SYNOPSIS OF THE DIRECTORY
The Telephone Company, like other major corporations consists of many divisions. Our division, the Directory Department, also known as Yellow Pages, services the business community by selling Yellow and White Pages advertising. There are various groups within Directory: sales representatives, artists, clerical personal, public affairs, legal, finance, marketing, information systems, customer relations, network, real estate. Through teamwork these groups expand the company into new domestic and global markets.
So it was that a group of 8 Yellow Page sales people who truly loved their profession, decided they would always enjoy being a part of this exciting business, even after they retired, by keeping in touch with their past.
The purpose of the Directory Alumni Council is;
1-To provide opportunities for group and social activities and to continue the camaraderie enjoyed by directory employees during their days with the directory department.
2-To publish a membership Directory allowing members to keep in touch with friends made over the years.
3-To publish a newsletter about members and their lives after leaving the company.
4-To support a charity selected by the Council.
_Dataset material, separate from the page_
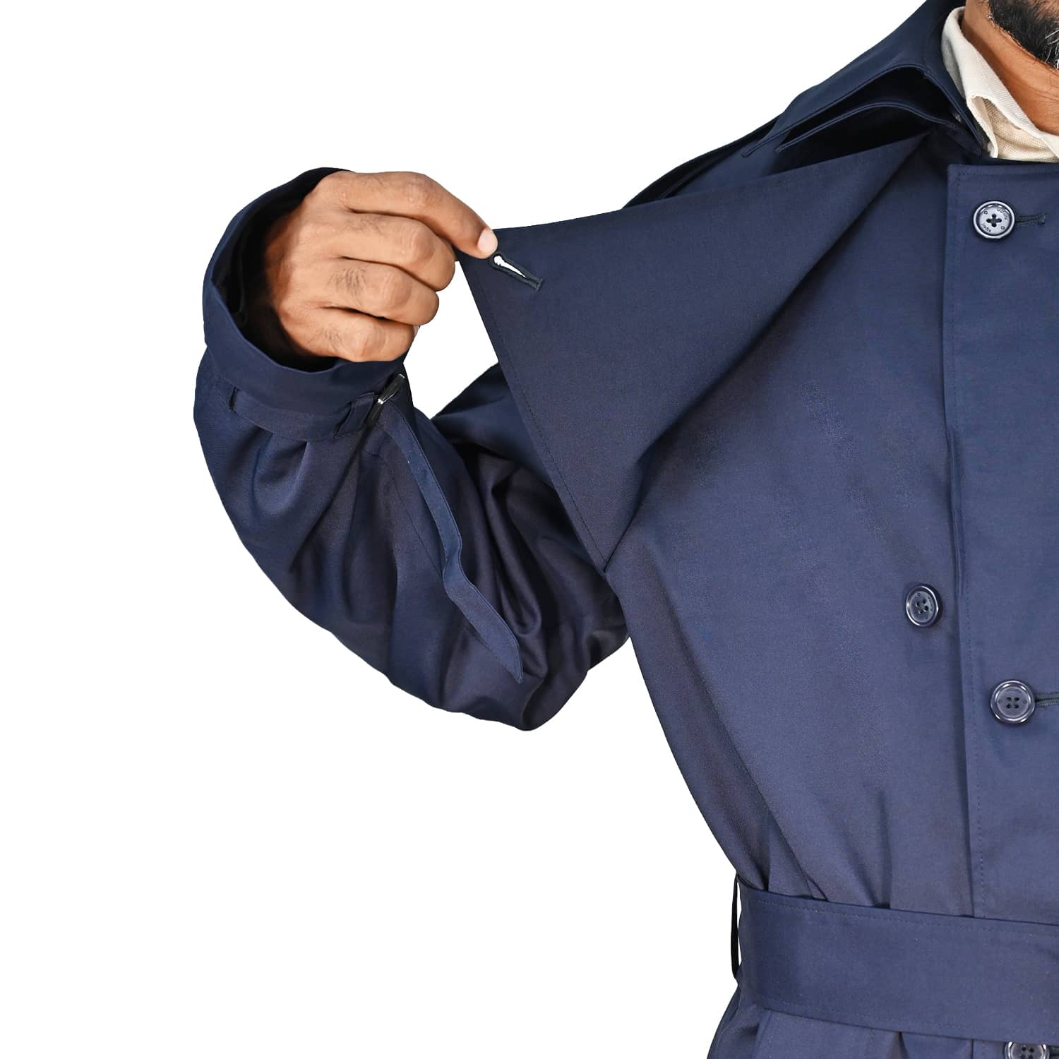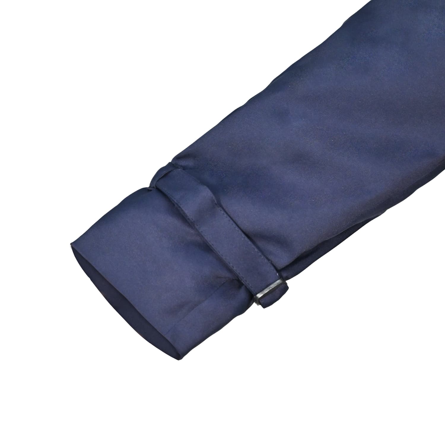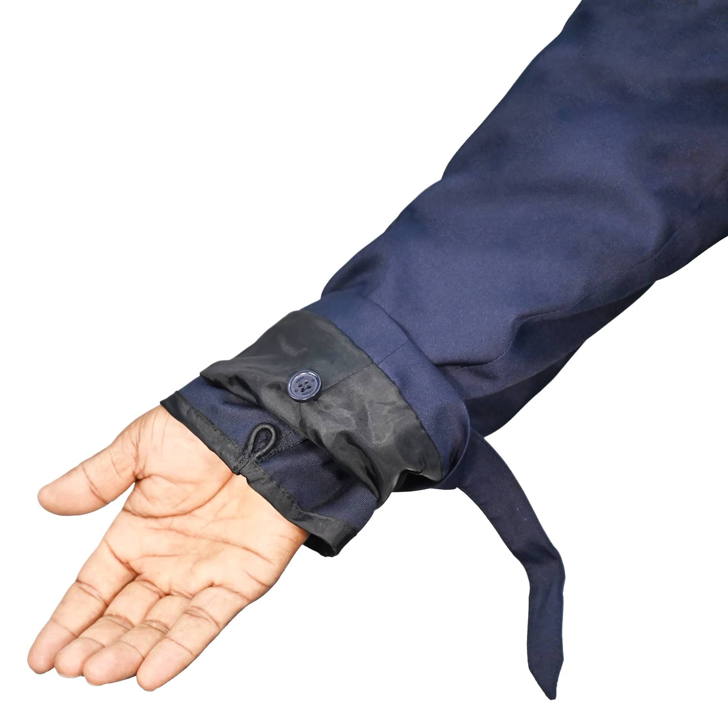 Outer cuff strap with an adjustable tab to tighten the sleeve opening for a tailored fit.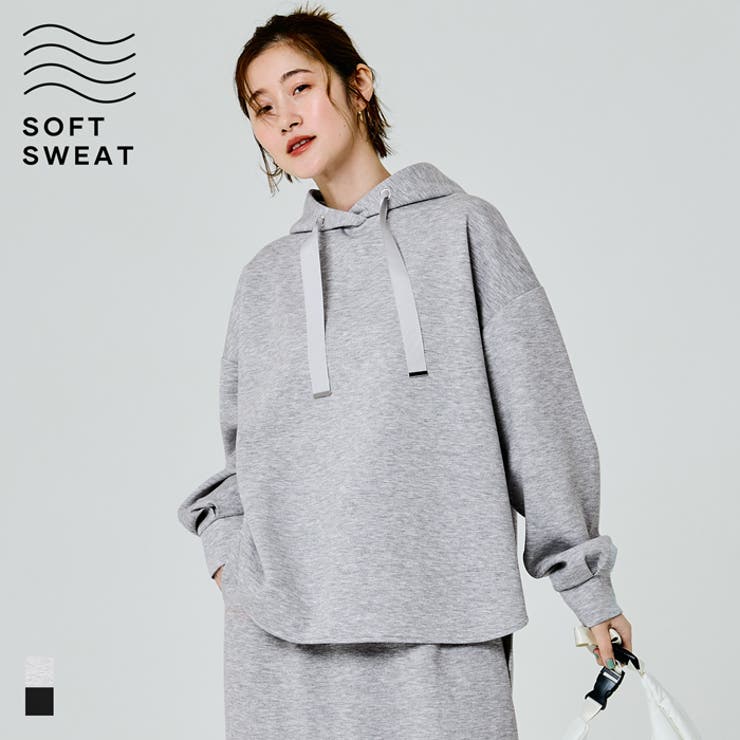 coca ラフさと上品さを両立 大人が着たいソフトスウェットリボンパーカー トップススウェット トレーナー

The charity selected by our group is the Foundation for Neurologic Diseases at Brigham and Women's Hospital in Boston. Through the generous support of the alumni and friends we have raised over $178,115 since 1990, for the research on Alzheimer, Multiple Sclerosis, brain tumors and Parkinson's disease.
DIRECTORY ALUMNI COUNCIL
This organization shall be known as Directory Alumni Council, hereinafter referred to as DAC.
The purpose of DAC, a non-profit organization, is to;
1 - develop closer relationships within and among former Directory employees
2 - provide social settings encouraging continued communications and
3 - support board approved charitable endeavors.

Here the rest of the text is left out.